During studies underpinning its applications, Olumiant outperformed the world's best-selling drug, Humira, on several metrics. Global sales achieved an annualized $92 million run rate in the fourth quarter, and a U.S. approval could drive annual sales of the drug past $2.5 billion several years from now. Under the terms of their agreement, Lilly is using its enormous global sales force to market the drug on its own dime while Incyte's responsible for just 30% of development costs for most big indications. In return, Incyte remains eligible for a royalty percentage that tops out in the high 20s.

A buy now?

Since earning approval for Jakafi as a myelofibrosis treatment in 2011, Incyte has deftly expanded the drug's addressable patient population. Sales of the tablets surged 33% to $1.13 billion in 2017, and Incyte thinks it will achieve at least $1.35 billion this year.

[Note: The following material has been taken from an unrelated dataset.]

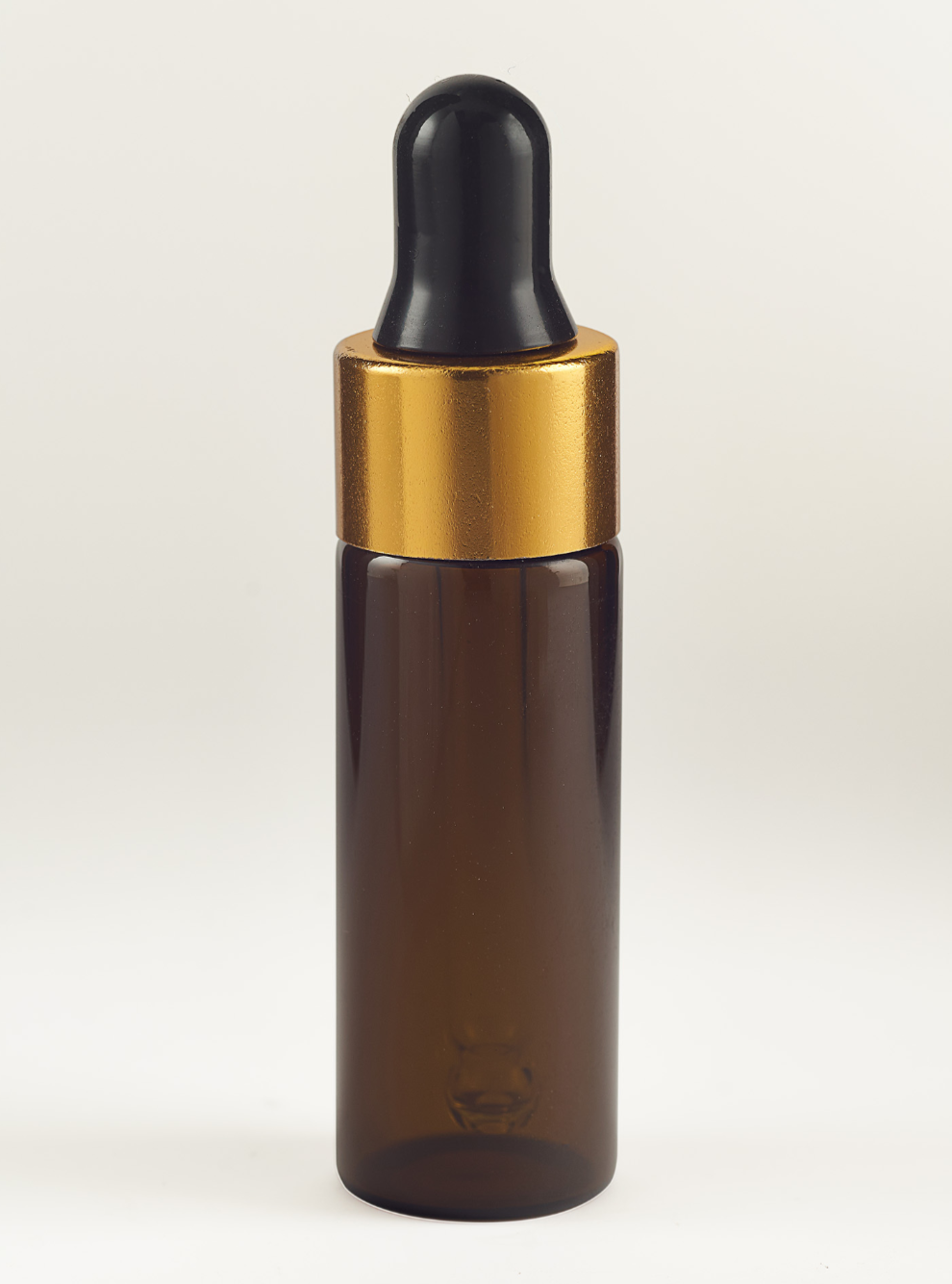 Стеклянный коричневый флакон (пробник) для аромадиффузора с черно-золотой крышкой и пипеткой.

That won't be enough to cover 2018 operating expenses expected to include a $1.25 billion research and development outlay, but a potential U.S. launch for Olumiant later this year means there's a good chance the company will become dependably profitable in just a few years. 

Even if epacadostat goes nowhere, and the FDA delays Olumiant again, Jakafi revenues give Incyte powder to fire at the next opportunity that comes along. With early clinical-stage cancer candidates aimed at 10 separate targets, the next big thing could be in the pipeline already. At recent prices, Incyte shares look like one of the best bargains in biotech right now.